▶ **ASSIGNMENT**
Return each record word for word and omit the pictures.

Entries taken from a collection
= Beginning of Section =
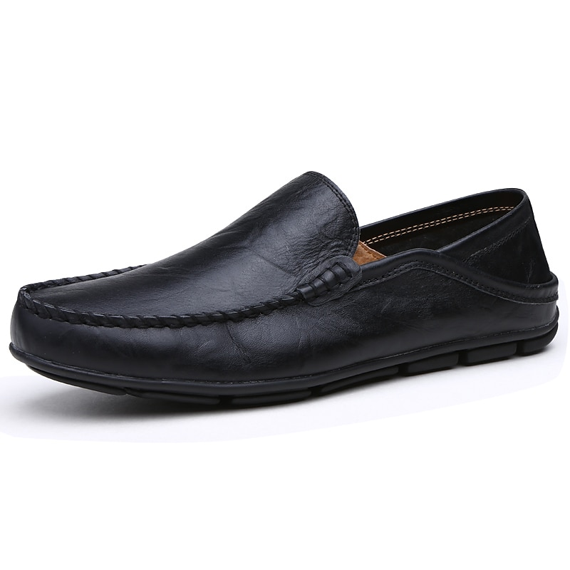 Highlights [Material] : Crafted from high-quality cowhide and split leather, these men's loafers combine durability with a sleek and smooth finish. The genuine leather upper contributes to both style and function, providing breathability for extended wear. [Silhouette] : With a classic moccasin design, these loafers feature a pointed toe shape that adds a touch of elegance to their casual appearance. The slip-on style ensures easy wear and removal, while the rubber outsole offers flexibility and excellent grip. [Design Highlights] : Intricate hand-stitched details around the toe and a sleek, solid-colored appearance set these loafers apart. The splicing embellishments add a sophisticated touch, making these shoes a standout addition to any wardrobe. [Occasions] : Perfect for a variety of settings, these loafers are versatile enough for daily wear, office environments, and even cycling activities. Their blend of casual and business style makes them suitable for both leisurely outings and more formal occasions. [Size Range] : Available in a wide range of sizes from 38 to 47, these loafers accommodate various foot sizes. With options for UK Size 14.5 and EU Size 50, finding the perfect fit for comfort and style is made easy.
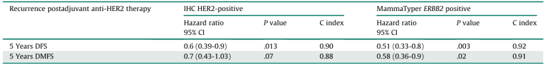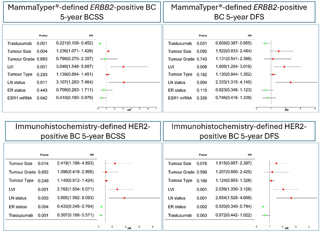 在多变量Cox回归模型中,当根据肿瘤分级、肿瘤大小、淋巴结转移、淋巴管侵犯、组织学肿瘤类型和ER状态调整MammaTyper定义的ERBB2+亚组(251名患者)时,抗HER2治疗是延长5年DFS(HR:0.61,95%CI:0.38-0.96;P=0.031)和5年BCSS(HR:0.21,95%CI:0.18-0.45;P<0.001)的独立预测因子。尽管在IHC定义的HER2+(287名患者)中,抗HER2疗法是更好的BCSS的独立预测因素(HR:0.31,95%CI:0.16-0.57;P<0.001),但不是5年DFS的独立预测因素(HR:0.67,95%CI:0.44-1.02;P=0.063)。
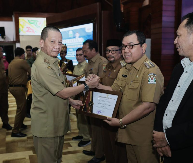 Penghargaan yang diserahkan langsung oleh Gubernur Aceh Ahmad Marzuki didampingi Kepala Bappeda Aceh HT Ahmad Dadek kepada Pj. Bupati Aceh Barat Drs. Mahdi Efendi di Anjong Mon Mata Meuligoe Gubernur Aceh Banda Aceh, Selasa (11-04-2023)
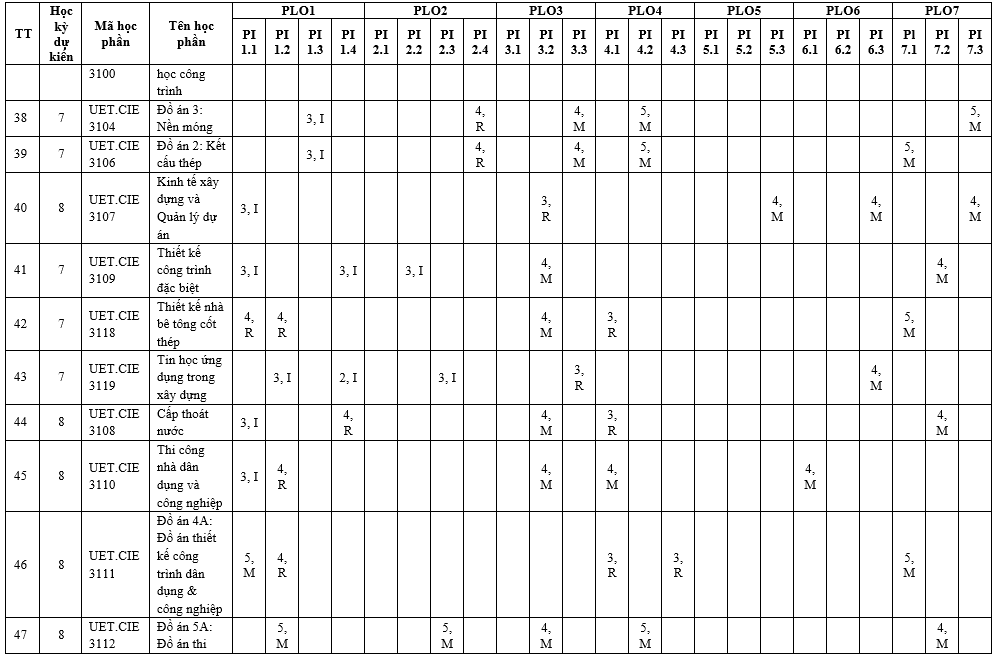 Chương trình đào tạo ngành Công nghệ kỹ thuật xây dựng
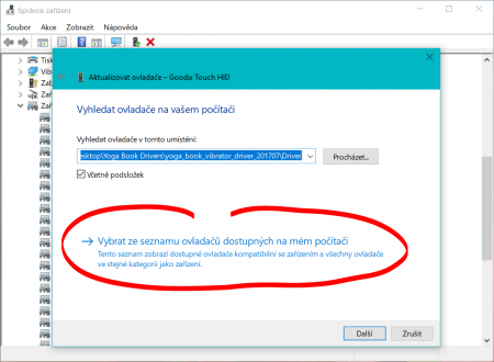Po dlouhém laborování (kterým si prošli také lidé na Lenovo fórech) jsem konečně zjistil, proč se tak děje: Windows si tvrdošíjně prosazují svůj původní, starší ovladač, namísto toho, aby aplikovaly ten nový. No a starý ovladač si s novou aplikací nerozumí. Řešení je proto jednoduché: opět skrze správce zařízení ručně Windows „vnutit“ ovladač nový:
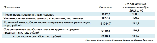 Показатели социально – экономического развития г.Минска в январе-сентябре 2013 г.
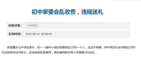 七中家委会被投诉乱收费,班费1500,送礼2000
= End of Section =
▶ **EXERCISE OUTPUT**
 Highlights [Material] : Crafted from high-quality cowhide and split leather, these men's loafers combine durability with a sleek and smooth finish. The genuine leather upper contributes to both style and function, providing breathability for extended wear. [Silhouette] : With a classic moccasin design, these loafers feature a pointed toe shape that adds a touch of elegance to their casual appearance. The slip-on style ensures easy wear and removal, while the rubber outsole offers flexibility and excellent grip. [Design Highlights] : Intricate hand-stitched details around the toe and a sleek, solid-colored appearance set these loafers apart. The splicing embellishments add a sophisticated touch, making these shoes a standout addition to any wardrobe. [Occasions] : Perfect for a variety of settings, these loafers are versatile enough for daily wear, office environments, and even cycling activities. Their blend of casual and business style makes them suitable for both leisurely outings and more formal occasions. [Size Range] : Available in a wide range of sizes from 38 to 47, these loafers accommodate various foot sizes. With options for UK Size 14.5 and EU Size 50, finding the perfect fit for comfort and style is made easy.
 在多变量Cox回归模型中,当根据肿瘤分级、肿瘤大小、淋巴结转移、淋巴管侵犯、组织学肿瘤类型和ER状态调整MammaTyper定义的ERBB2+亚组(251名患者)时,抗HER2治疗是延长5年DFS(HR:0.61,95%CI:0.38-0.96;P=0.031)和5年BCSS(HR:0.21,95%CI:0.18-0.45;P<0.001)的独立预测因子。尽管在IHC定义的HER2+(287名患者)中,抗HER2疗法是更好的BCSS的独立预测因素(HR:0.31,95%CI:0.16-0.57;P<0.001),但不是5年DFS的独立预测因素(HR:0.67,95%CI:0.44-1.02;P=0.063)。
 Penghargaan yang diserahkan langsung oleh Gubernur Aceh Ahmad Marzuki didampingi Kepala Bappeda Aceh HT Ahmad Dadek kepada Pj. Bupati Aceh Barat Drs. Mahdi Efendi di Anjong Mon Mata Meuligoe Gubernur Aceh Banda Aceh, Selasa (11-04-2023)
 Chương trình đào tạo ngành Công nghệ kỹ thuật xây dựng
Po dlouhém laborování (kterým si prošli také lidé na Lenovo fórech) jsem konečně zjistil, proč se tak děje: Windows si tvrdošíjně prosazují svůj původní, starší ovladač, namísto toho, aby aplikovaly ten nový. No a starý ovladač si s novou aplikací nerozumí. Řešení je proto jednoduché: opět skrze správce zařízení ručně Windows „vnutit“ ovladač nový:
 Показатели социально – экономического развития г.Минска в январе-сентябре 2013 г.
 七中家委会被投诉乱收费,班费1500,送礼2000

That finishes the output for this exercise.